Counsel for Inter-Tel also indicated that the Inter-Tel Board, in furtherance
of its fiduciary duties, would carefully consider, evaluate and respond to such
proposal.

Item 5.  Interest in Securities of the Issuer.

         The response to Item 5 of the Schedule 13D is hereby deleted in its
entirety and replaced with the following:

         (a) As of June 14, 2006, Mr. Mihaylo beneficially owned an aggregate of
         5,179,498 shares of Common Stock, representing approximately 19.6% of
         the outstanding Common Stock (based on 26,390,401 shares outstanding as
         of March 31, 2006, as reported in Inter-Tel's Form 10-Q filed with the
         SEC on May 10, 2006). Of these 5,179,498 shares of Common Stock, Mr.
         Mihaylo (i) is the holder of record of 144,000 shares and (ii) may be
         deemed to be the beneficial owner of the 5,035,498 shares of Common
         Stock held by The Steven G. Mihaylo Trust (the "Trust") because Mr.
         Mihaylo is the sole trustee of the Trust.

                  Vector does not have sole or shared voting or dispositive
         power with respect to any shares of Common Stock, and disclaims
         beneficial ownership of shares of Common Stock beneficially owned by
         Mr. Mihaylo.

         (b) Mr. Mihaylo has the sole power to vote and direct the vote, and
         the sole power to dispose of and direct the disposition of, the
         Shares.

                  Vector does not have sole or shared voting or dispositive
         power with respect to any shares of Common Stock, and disclaims
         beneficial ownership of shares of Common Stock beneficially owned by
         Mr. Mihaylo.

         (c) On May 12, 2006, in connection with his appointment to the
         Inter-Tel Board of Directors pursuant to the Settlement Agreement, Mr.
         Mihaylo received a grant of options to purchase 7,500 shares of Common
         Stock with an exercise price of $21.11 per share. Such options are
         exercisable beginning November 12, 2006.

                  On June 7, 2006, in connection with his service as a Director
          of Inter-Tel, Mr. Mihaylo received a grant of options to purchase
          2,750 shares of Common Stock with an exercise price of $20.95 per
          share.

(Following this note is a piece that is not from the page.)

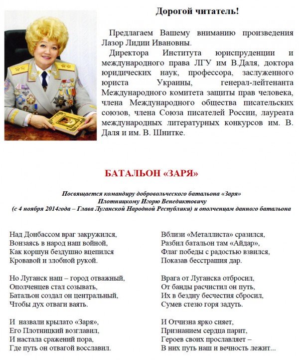 Я почему так и думал, что генерал-лейтенантша Международного комитета защиты прав человека (само по себе звучит невероятно прекрасно) должна примерно такие прекрасные стихи и писать, сумев стезю горя задуть. Международные литературные конкурсы, которых она стала лауреатом, наверняка проходили исключительно в государственном образовательном учреждении высшего профессионального образования «Луганский государственный университет имени Владимира Даля», где это опубликовано в "Университетском вестнике". Так еще и другие стихи генерал-лейтенанта Международного комитета есть.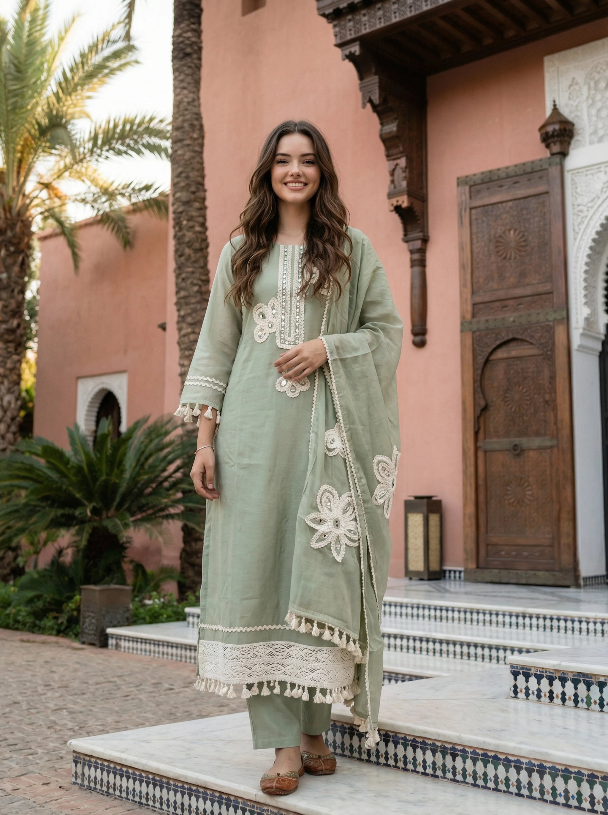 Paired with straight-fit plain pants, the ensemble maintains a clean and balanced silhouette, allowing the intricate detailing to take center stage. Completing the look is a coordinated Mal Chanderi dupatta, adorned with delicate lace borders, tassels, and floral appliqué elements that flow gracefully with every step.

Such options are exercisable beginning December 7, 2006.

                  The information set forth in Item 5(d) of the Schedule 13D
         with respect to the Agreement and the Memorandum is incorporated
         herein by this reference.

         (d) As disclosed in Item 6 of the Schedule 13D, pursuant to the
         Agreement with RBC, Mr. Mihaylo has agreed to pay RBC an agreed upon
         topping fee in the event that a Third Party Transaction is consummated
         during the term of the Agreement or during the 12 months following the
         term, and such Third Party Transaction is subsequent to any offer
         (whether written or oral) made by Mr. Mihaylo to Inter-Tel relating to
         a Transaction. As disclosed in Item 4 of the Schedule 13D, on June 14,
         2006, Mr. Mihaylo and Vector submitted the proposal, satisfying one of
         the conditions for payment of the topping fee: that an offer be made by
         Mr. Mihaylo to Inter-Tel relating to a Transaction.

                  As disclosed in Item 6 of the Schedule 13D, pursuant to the
         Memorandum, if, after Mr. Mihaylo/Summit and Vector extend a proposal
         to jointly acquire Inter-Tel, Mr. Mihaylo chooses to sell or vote his
         shares, within 12 months of the termination of the Memorandum, in favor
         of another change of control transaction, Mr. Mihaylo/Summit would pay
         to Vector, either in cash or in the form of consideration received by
         Mr. Mihaylo for his shares of Common Stock in such transaction, a
         specified amount as "overbid protection" in accordance with the formula
         set forth in the Memorandum. As disclosed in Item 4 of the Schedule
         13D, on June 14, 2006, Mr. Mihaylo and Vector submitted the proposal,
         satisfying one of the conditions for payment of the "overbid
         protection" amount: that Mr. Mihaylo/Summit and Vector extend a
         proposal to jointly acquire Inter-Tel.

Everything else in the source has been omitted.